§ **WHAT IS EXPECTED**
The answer must be only the lines below from the one holding "宜昌鑫澤城市運營管理有限公司瀝青冷補(bǔ)料采購項目成交公告" down to the one holding "Royal Copenhagen Blue", ends included, printed exactly; please omit all pictures.

§ **RECORDS**
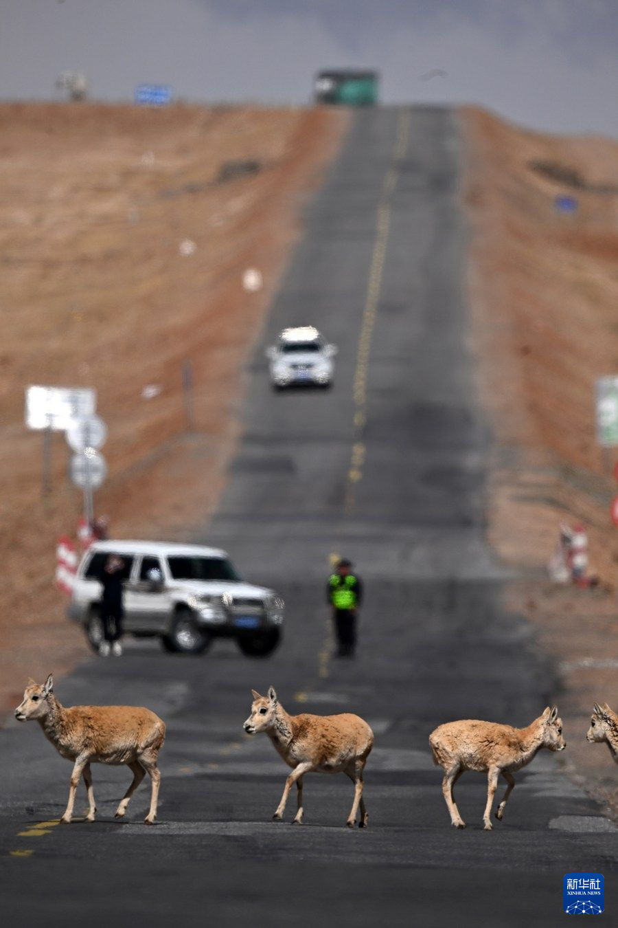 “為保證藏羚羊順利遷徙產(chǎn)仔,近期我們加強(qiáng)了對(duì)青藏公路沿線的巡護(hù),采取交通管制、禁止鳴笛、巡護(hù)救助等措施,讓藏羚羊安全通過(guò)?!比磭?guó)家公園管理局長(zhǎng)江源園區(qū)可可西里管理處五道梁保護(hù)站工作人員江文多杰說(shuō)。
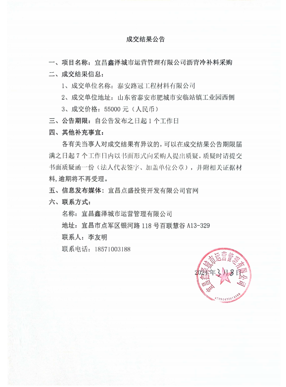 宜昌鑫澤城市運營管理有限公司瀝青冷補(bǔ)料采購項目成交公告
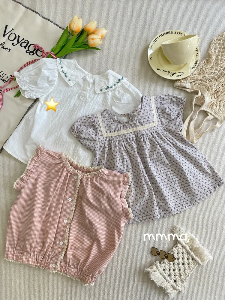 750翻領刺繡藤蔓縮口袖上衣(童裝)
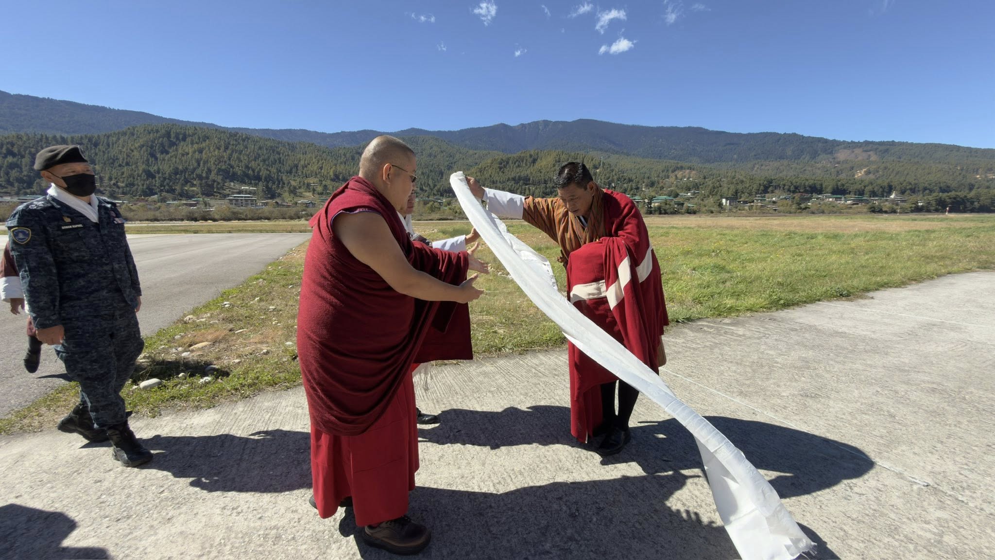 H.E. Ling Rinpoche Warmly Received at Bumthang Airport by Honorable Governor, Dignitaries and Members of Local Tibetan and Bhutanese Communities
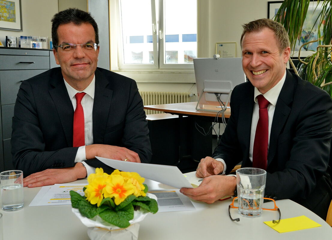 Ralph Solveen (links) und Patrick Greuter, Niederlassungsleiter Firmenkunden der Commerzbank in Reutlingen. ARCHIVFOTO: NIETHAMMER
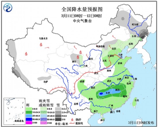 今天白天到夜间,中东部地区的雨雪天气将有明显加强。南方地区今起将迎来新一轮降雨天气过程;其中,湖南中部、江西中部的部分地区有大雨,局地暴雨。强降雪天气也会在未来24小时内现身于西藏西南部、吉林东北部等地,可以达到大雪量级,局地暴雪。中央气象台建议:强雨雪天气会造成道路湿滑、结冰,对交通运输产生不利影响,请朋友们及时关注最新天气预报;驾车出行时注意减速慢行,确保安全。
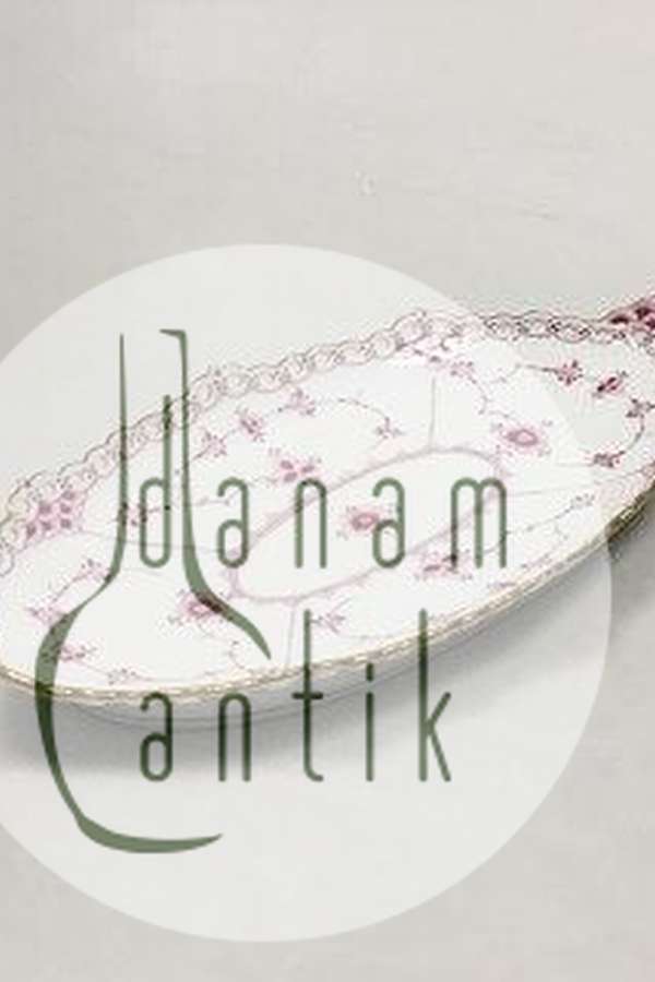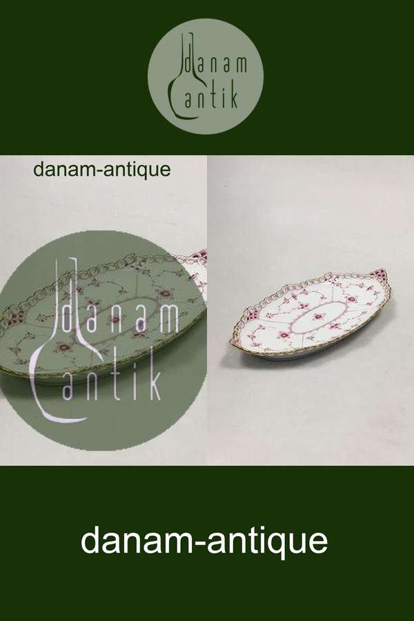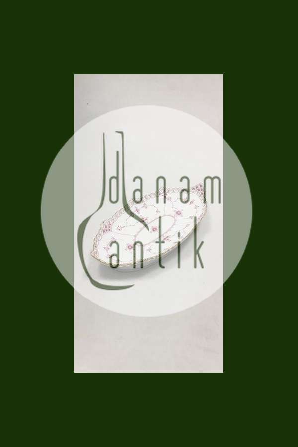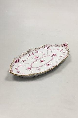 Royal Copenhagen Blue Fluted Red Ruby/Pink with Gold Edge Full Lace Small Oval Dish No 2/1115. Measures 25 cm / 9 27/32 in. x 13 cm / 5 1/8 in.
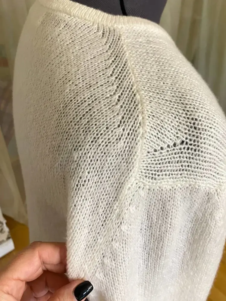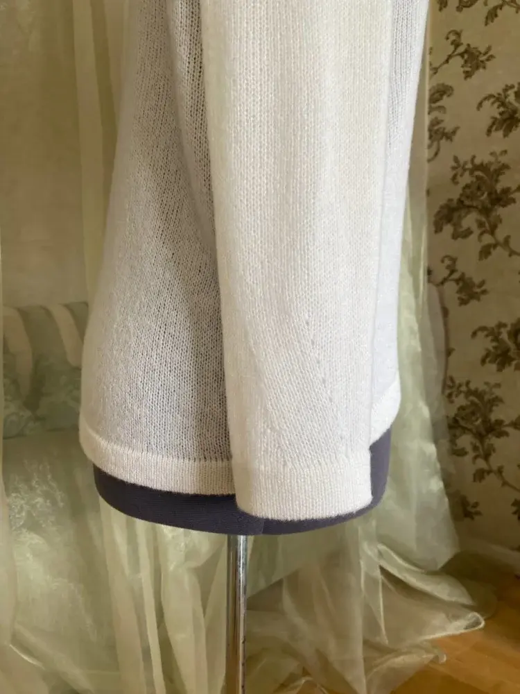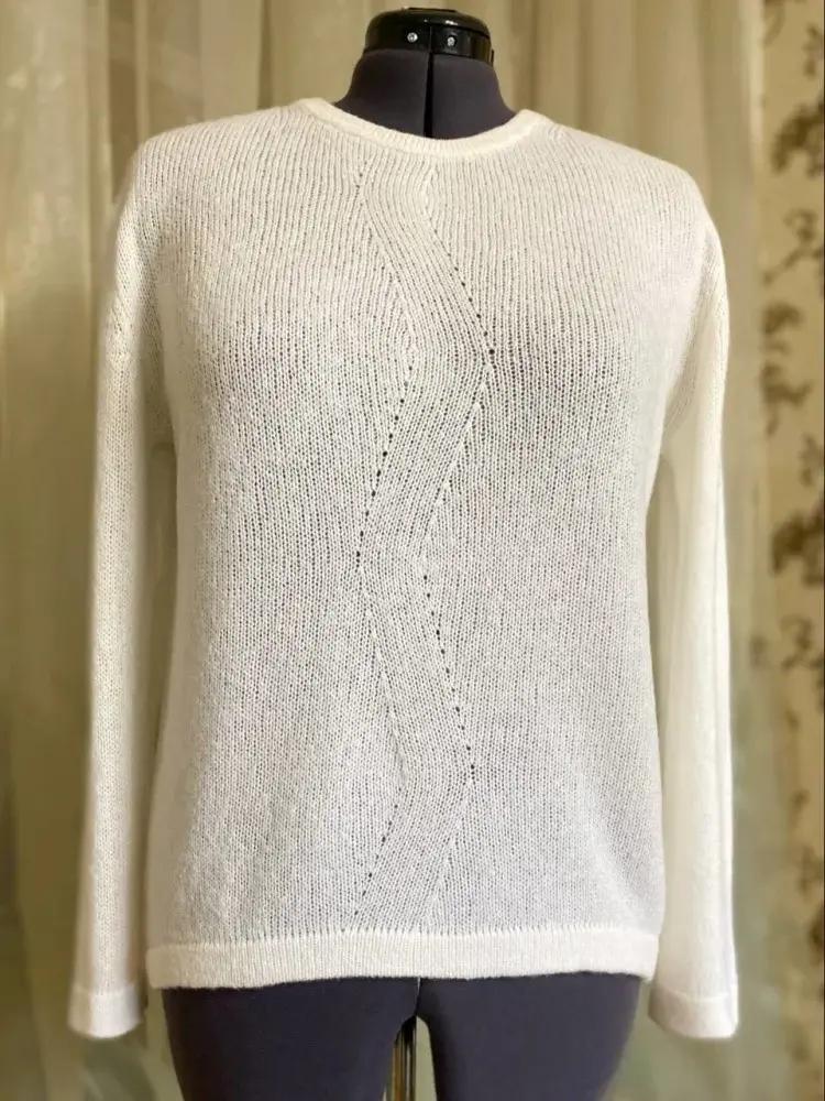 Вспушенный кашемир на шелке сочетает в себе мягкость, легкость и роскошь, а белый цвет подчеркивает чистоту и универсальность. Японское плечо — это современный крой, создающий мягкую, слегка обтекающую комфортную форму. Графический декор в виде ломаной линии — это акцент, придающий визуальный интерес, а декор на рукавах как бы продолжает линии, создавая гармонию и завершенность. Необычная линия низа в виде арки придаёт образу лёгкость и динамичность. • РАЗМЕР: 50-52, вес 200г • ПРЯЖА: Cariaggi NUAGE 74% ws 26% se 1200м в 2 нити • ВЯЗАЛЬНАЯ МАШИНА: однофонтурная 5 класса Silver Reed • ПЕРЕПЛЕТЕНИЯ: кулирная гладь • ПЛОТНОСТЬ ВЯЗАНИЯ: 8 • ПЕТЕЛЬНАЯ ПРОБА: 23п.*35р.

§ **RESPONSE BOX**
 宜昌鑫澤城市運營管理有限公司瀝青冷補(bǔ)料采購項目成交公告
 750翻領刺繡藤蔓縮口袖上衣(童裝)
 H.E. Ling Rinpoche Warmly Received at Bumthang Airport by Honorable Governor, Dignitaries and Members of Local Tibetan and Bhutanese Communities
 Ralph Solveen (links) und Patrick Greuter, Niederlassungsleiter Firmenkunden der Commerzbank in Reutlingen. ARCHIVFOTO: NIETHAMMER
 今天白天到夜间,中东部地区的雨雪天气将有明显加强。南方地区今起将迎来新一轮降雨天气过程;其中,湖南中部、江西中部的部分地区有大雨,局地暴雨。强降雪天气也会在未来24小时内现身于西藏西南部、吉林东北部等地,可以达到大雪量级,局地暴雪。中央气象台建议:强雨雪天气会造成道路湿滑、结冰,对交通运输产生不利影响,请朋友们及时关注最新天气预报;驾车出行时注意减速慢行,确保安全。
 Royal Copenhagen Blue Fluted Red Ruby/Pink with Gold Edge Full Lace Small Oval Dish No 2/1115. Measures 25 cm / 9 27/32 in. x 13 cm / 5 1/8 in.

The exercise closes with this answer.